Consequently Mr. Splan didn’t take me any more seriously than I took him. He thought I was a miserable pissant of a thirteen year old and I thought he was a loutish prick. But one day things kind of changed when he gave me a much deserved albeit grudgingly delivered reverse backhanded compliment.

By the by, it is interesting to note that two of the same old buzzards who taught my dad in middle school were still around to make my life miserable. That was Mr. Woodruff who taught history and Mrs. Cole who taught math. Woodruff was another mean old bastard. And I remember one time I got him so pissed off that pulled me out of my chair, drug me to the front of the classroom, and threw me into a full wrestling nelson in front of the entire class. Mrs. Cole on the other hand was entering her dotage so she was mostly shrewish and her biggest crime against students was an emphatic zero talking in class policy. I think my old man early on must have set the stage somehow as both Woodruff and Mrs. Cole always seemed to have their eye on me.

And just so you know, in public schools back in the 60’s, severe corporal punishment still existed. Beatings were meted out using ingeniously designed planks modestly called paddles. Getting a paddling – or a couple of swats as it was otherwise called – was tantamount to taking a beating.

The paddle I remember most was the one owned by the gym teacher; although it was probably made by some other sadistic bastard who had access to good power tools. It was a solid piece of hardwood a full 3 feet in length and at least an inch thick.

The first foot of it was the handle; rounded, the length of which allowed for a two-handed grip much like a baseball bat. The remaining two feet was the business end. And every two inches there was a drilled hole – the wood shop teacher, anyone? – with one side covered with leather. The holes reduced the weight factor allowing for the maximum possible swing velocity while the leather was whetted to make for that perfect red polka dot raised welt.

So anyway, one fine morning I was in the school foyer chatting with my girlfriend when out of nowhere Craig Wormell tackles me to the floor and proceeds to start a fight. We somehow got extricated and to save face in front of my girlfriend and all those kids who had witnessed the attack I told Wormell that I’d see him after school.

Word spread like wildfire. The fifteen or twenty kids that were there each told a couple of other kids and by second period even my teachers knew I was going to be in a fight. Mrs. Say liked me probably because I liked reading and enjoyed her class. And I remember her asking me not to fight.

And believe me I didn’t want to fight. Especially not that kid. Wormell was a strong farm boy who had 4 inches and thirty pounds on me. So I spent the entire day sweating it out, most certain that I was going to take a pretty serious ass-beating.

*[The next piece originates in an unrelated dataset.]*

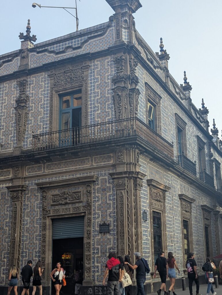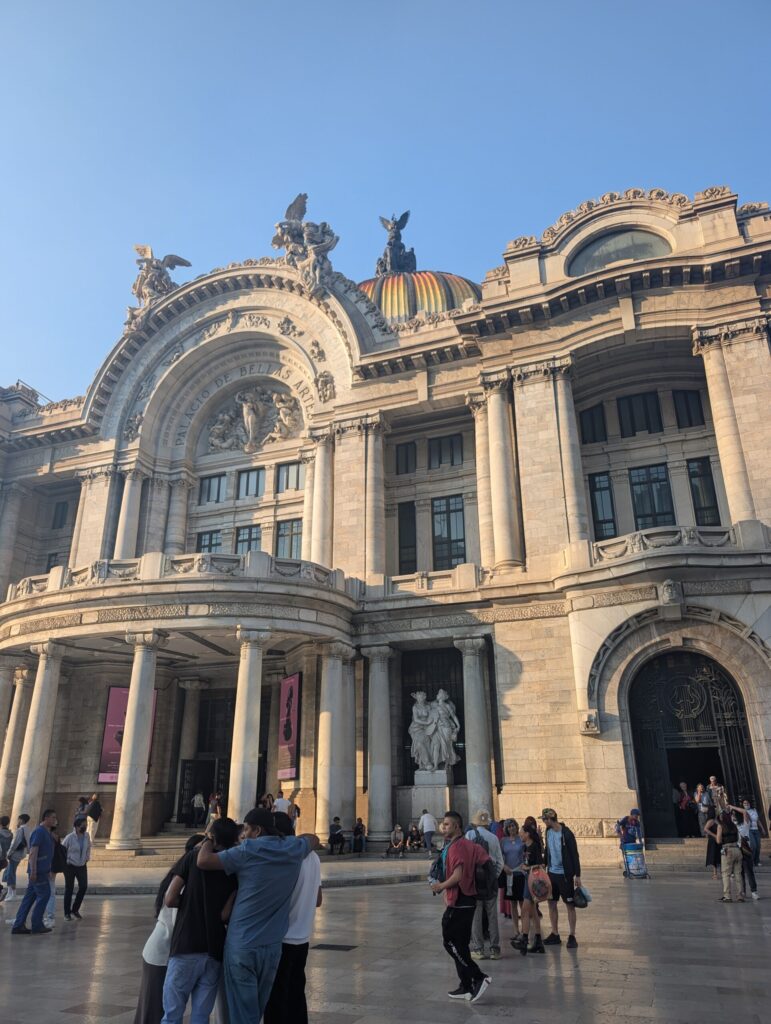 The Zócalo today is the grand public square, enormous and alive. Hawkers line the perimeter. In the center, a massive Mexican flag was rippling quietly. The day we were there, music filled the air and people were setting up makeshift tents and folding chairs for an event that seemed both spontaneous and entirely routine. Bordering the square is the National Palace, home to the Mexican President, and the Metropolitan Cathedral, an imposing Gothic structure commissioned by Hernán Cortés and built over 240 years. The oldest cathedral in the Americas, sitting quite literally on top of an older world. From there we wandered down Avenida Francisco I. Madero, permanently pedestrian-only and blissfully free of cars, with shops on either side, street vendors frying snacks, and toys blinking and squeaking. And then that sound, the unmistakable screech of the rubber “screaming” toy vendors squeeze to get your attention. It’s shrill and sounds like a woman screaming for her life. It may very well be the unofficial soundtrack of CDMX. We made our way to the Torre Latinoamericana and went up to the Skybar. The drink was, without exaggeration, the worst we had in Mexico City. But the view from the top was worth every peso. From above, the Palacio de Bellas Artes rises in white stone with its gold-tipped dome. We stopped briefly to admire the murals inside, wishing we had time for a performance.

Finally the bell rang and I and my two main buddies at the time made our way across the street to the railroad tracks behind the local newspaper plant.

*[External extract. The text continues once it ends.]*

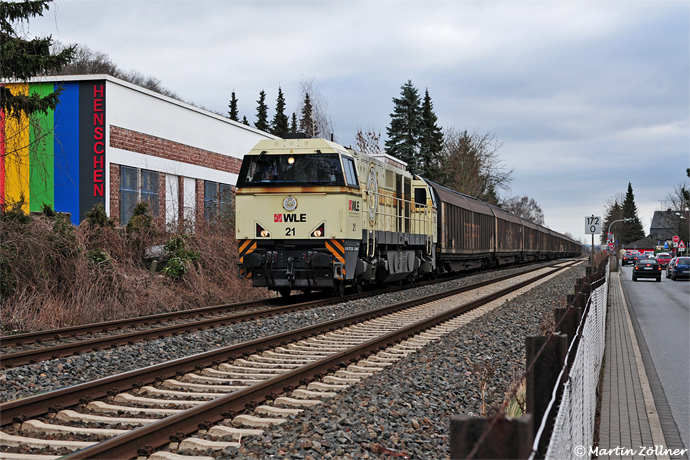 Am grauen 22. Februar 2014 bringt die Fassade der Firma Henschen in Fröndenberg etwas Farbe ins Spiel, als die "Bierkiste" WLE 21 kurz vor Mittag an der Bismarkstraße mit dem samstäglichen Spanplattenzug von Egger nach Lippstadt vorbeizieht.

I about wet myself. Half the school was already there. Probably two or three hundred kids parted the way to where I found Wormell waiting for me with his fists bunched up.

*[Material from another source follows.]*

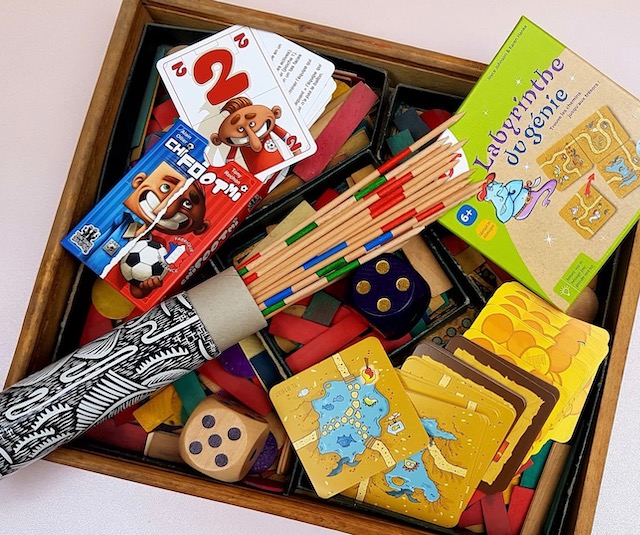 Et l’on fait ainsi : Chaque nom de jeu est inscrit sur un bâtonnet et l’on en tire un chaque jour, au hasard, à l’heure prévue pour une bonne partie de jeu en famille.

I was so scared I smiled. That fight was the first time that I discovered that sheer terror makes me smile. Probably more of a rictus than an actual smile, but go figure because it’s the absolute truth.

So smiling, I walked up to him and hit him as hard as I could right in the face. And then again. And again. And again. I jabbed with my right and then nailed him with my left. Over and over again. I must have hit him fifty or sixty times in the first 2-3 minutes of the fight. And in that time he hadn’t landed a single punch.

But he wasn’t going down. He was just bleeding. My older 9th grade buddy, Horniman yelled at me to quit fucking around and end it already. Kids were thinking that because I was smiling that I was deliberately tormenting the guy when in reality I lacked the power to knock him on his ass. I was after all just a skinny, twitchy, fast white boy.

Finally out of the middle of nowhere he nails me with a powerful roundhouse to the side of the head and for an indeterminate period of time the world went dark. I didn’t feel the punch – there was no pain – but I was knocked out, yet was somehow still on my feet.
Just as remarkably as me still standing, he didn’t immediately follow up with another punch.

And then just like angels from heaven, the police arrived and broke it up.

So I ended up winning a fight that I had no right to win.

The next day in school just about everyone came by and shook my hand or pounded me on the back. Even Wormell stopped by my locker and apologized. And he looked like shit. Both eyes were swollen, one completely shut and his entire face was one massive reddish-purple bruise.

And Mr. Splan? On my way out the door after woodshop he wryly looked at me and said (and I quote), “Clark, I didn’t think you could lick your own lips.”